CN111883949A

CN111883949A - Bus bar with elastic structure

Info

Publication number: CN111883949A
Application number: CN202010362974.XA
Authority: CN
Inventors: S.豪纳; A.迪尔曼; R.霍普
Original assignee: Robert Bosch GmbH
Current assignee: Robert Bosch GmbH
Priority date: 2019-05-02
Filing date: 2020-04-30
Publication date: 2020-11-03
Also published as: FR3095724A1; DE102019206276A1

Abstract

The invention relates to a busbar, in particular for an electric vehicle. The busbar comprises at least one, in particular flat, connecting section and at least one electrical connection formed in the region of an end of the connecting section. The connecting section is designed to be elastic and has an arched region and at least one slit formed in the arched region. According to the invention, for a busbar of the type mentioned at the outset, the arched region of the elastically formed connecting section is of spherical crown shape, in particular shell shape, half-shell shape or hemispherical shape.

Description

Bus bar with elastic structure

Technical Field

The invention relates to a busbar, in particular for an electric vehicle. The busbar comprises at least one, in particular flat, connecting section and at least one electrical connection formed in the region of an end of the connecting section. The connecting section is designed to be elastic and has an arched region and at least one slit formed in the arched region.

Background

The bus bar has, for example, a connection for connecting to a further electrical component, which bus bar is, for example, a component of a power electronics system in the automotive field, in particular a bus bar is a component of an electric or hybrid vehicle. In the region of the joint, assembly tolerances can be compensated for by large screw holes in the joint, but the current carrying capacity in the connecting region is thereby reduced. The thermomechanical forces or vibration loads can be reduced in an uncontrolled manner in the region of the busbar, which can lead to damage at the contact points. The forces in the contact points, which are produced by differential thermal expansion, can permanently damage the contact points or the electrical components connected to the contact points, so that the transition resistance at the contact points increases.

DE 202010005554U 1 discloses a transition between two connecting devices for conductors in an insulating housing, wherein the connecting devices are connected to one another by a metallic bus bar.

DE 102015115464 a1 discloses a power distributor device for vehicle applications, which has a power distributor bar arranged in a housing and having a specially designed mounting section, which is separated from the rest of the bar by a specially formed slot.

Disclosure of Invention

According to the invention, for a busbar of the type mentioned at the outset, the arched region of the elastically formed connecting section is of spherical crown shape, in particular shell shape, half-shell shape or hemispherical shape.

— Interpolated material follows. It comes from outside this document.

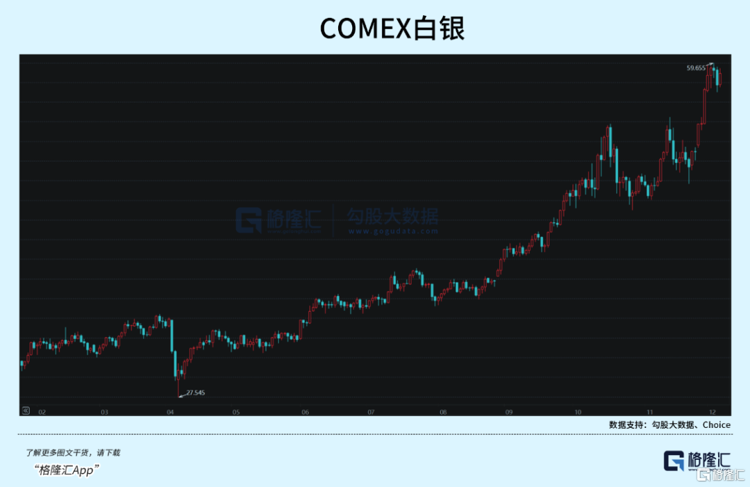 尤其是最近一个多月,更是一柱擎天,逼近60美元/盎司。
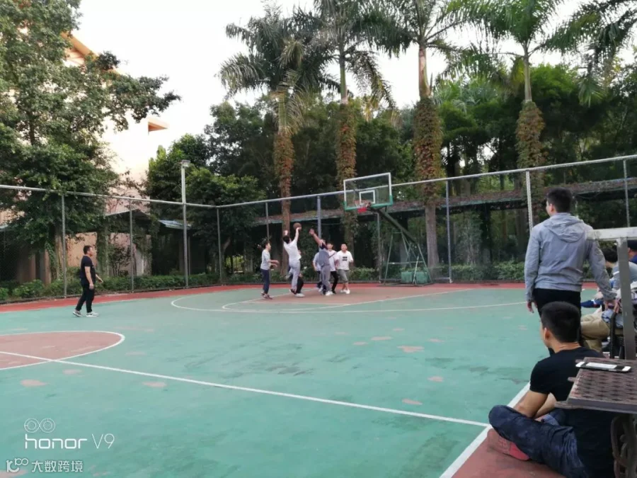 随着晌午临近,午餐过后,便迫不及待的前往旅途的第二站大观园度假村。一场篮球赛也便在此开始了激烈的角逐。一个个矫健的身影在球场上赛跑,只见球如行云流水般,“砰”!场外是高呼的呐喊声。挥汗如雨的球场,是一群老男孩耀眼的青春!

This advantageously allows the joint to be relieved elastically in rotational degrees of freedom that differ from one another. The connecting section can thus be designed as a tolerance compensation element. The connecting section can advantageously be designed to reduce mechanical loads in three different spatial directions, in particular forming an orthogonal system.

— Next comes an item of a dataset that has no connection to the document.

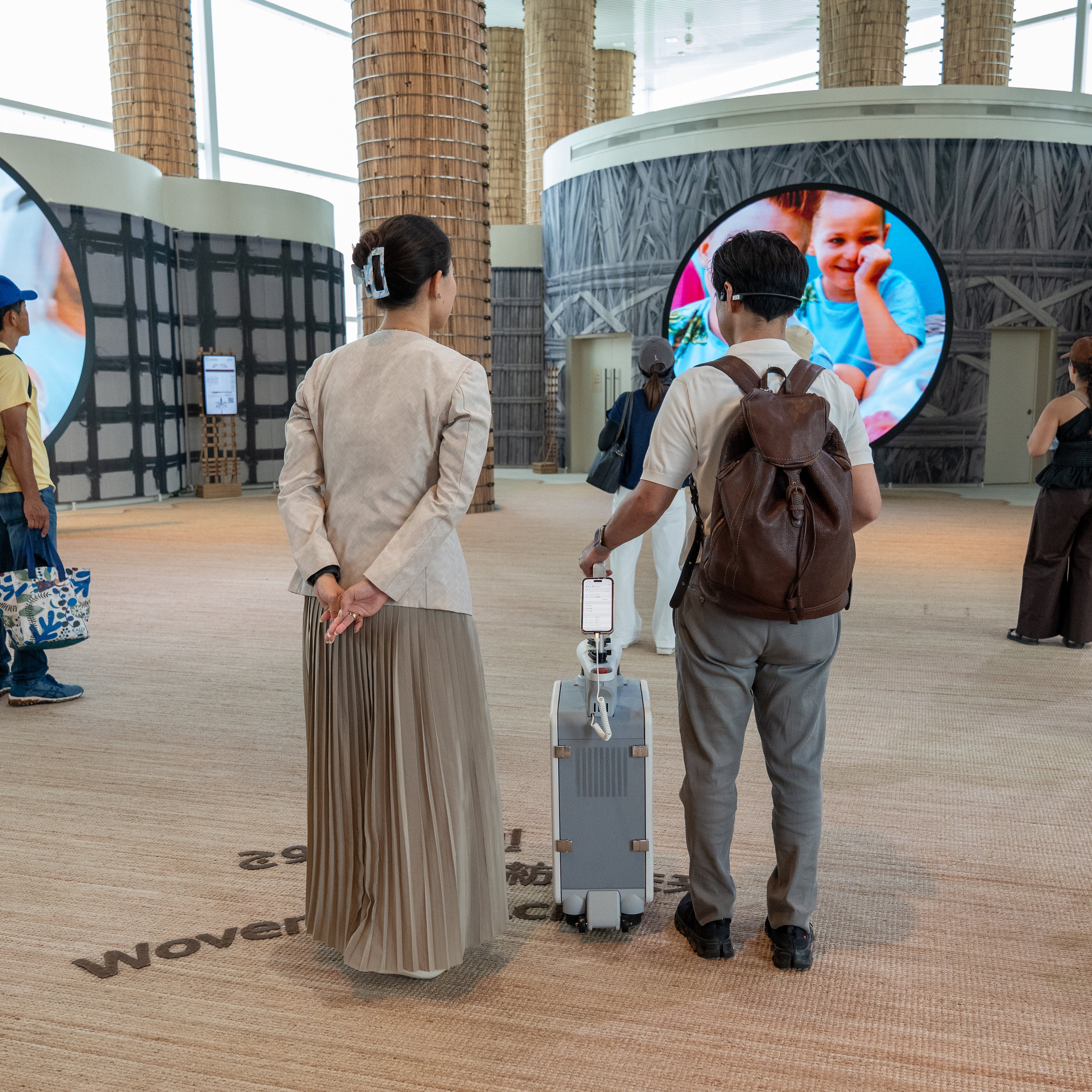2025年大阪・関西万博において、アラブ首長国連邦館(以下、UAEパビリオン)は、視覚に障がいのある来場者が自律型ナビゲーションロボット「AIスーツケース」を使用して展示を体験するという、誰もが参加できる未来志向の取り組みを受け入れました。AIスーツケースを利用した来場者を受け入れたのは本パビリオンが初めてであり、アクセシビリティ推進の観点からも、本万博における重要な一歩となりました。

Preferably, the at least one slit is formed along the longitudinal extension of the connecting section which points toward the joint or is formed with a main directional component which points toward the joint. Preferably, the connecting section has a longitudinal extension which is greater than a width extension extending transversely thereto. It is further advantageous if the bus bar, in particular the connecting section, can be provided cost-effectively as a stamped plate.

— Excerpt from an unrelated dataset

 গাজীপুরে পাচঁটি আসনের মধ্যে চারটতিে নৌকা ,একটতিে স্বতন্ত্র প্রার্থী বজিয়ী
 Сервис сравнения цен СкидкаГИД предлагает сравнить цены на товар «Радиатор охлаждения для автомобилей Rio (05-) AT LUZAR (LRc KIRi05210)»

In a preferred embodiment, the busbar has a different bending radius in the arched region, in particular in the extension of the connecting section toward the joint, than the transverse extension running transversely to the extension. The extension is preferably configured as the extension of the connecting line between the joints. In this way, the spring action can advantageously be formed with a soft spring constant during rotation about the longitudinal extension.

In an advantageous embodiment, the bending radius is configured to be smaller in the extension towards the joint than in the transverse extension. This advantageously results in a good spring action in the direction of torsion.

In a preferred embodiment, the connecting section has at least two or more slits, each of which is formed as a slit, in particular extending parallel to one another in the region of the arch. In this way, webs or webs running parallel to one another can advantageously be formed on the connecting section, as a result of which the mobility of the busbar is advantageously improved. Preferably, two webs or webs are formed adjacent to the gap.

In a further embodiment, the slots are each formed in a wave-like manner, in particular in a sinusoidal, trapezoidal or zigzag manner. In this way, good torsion spring properties can advantageously be formed on the connecting section.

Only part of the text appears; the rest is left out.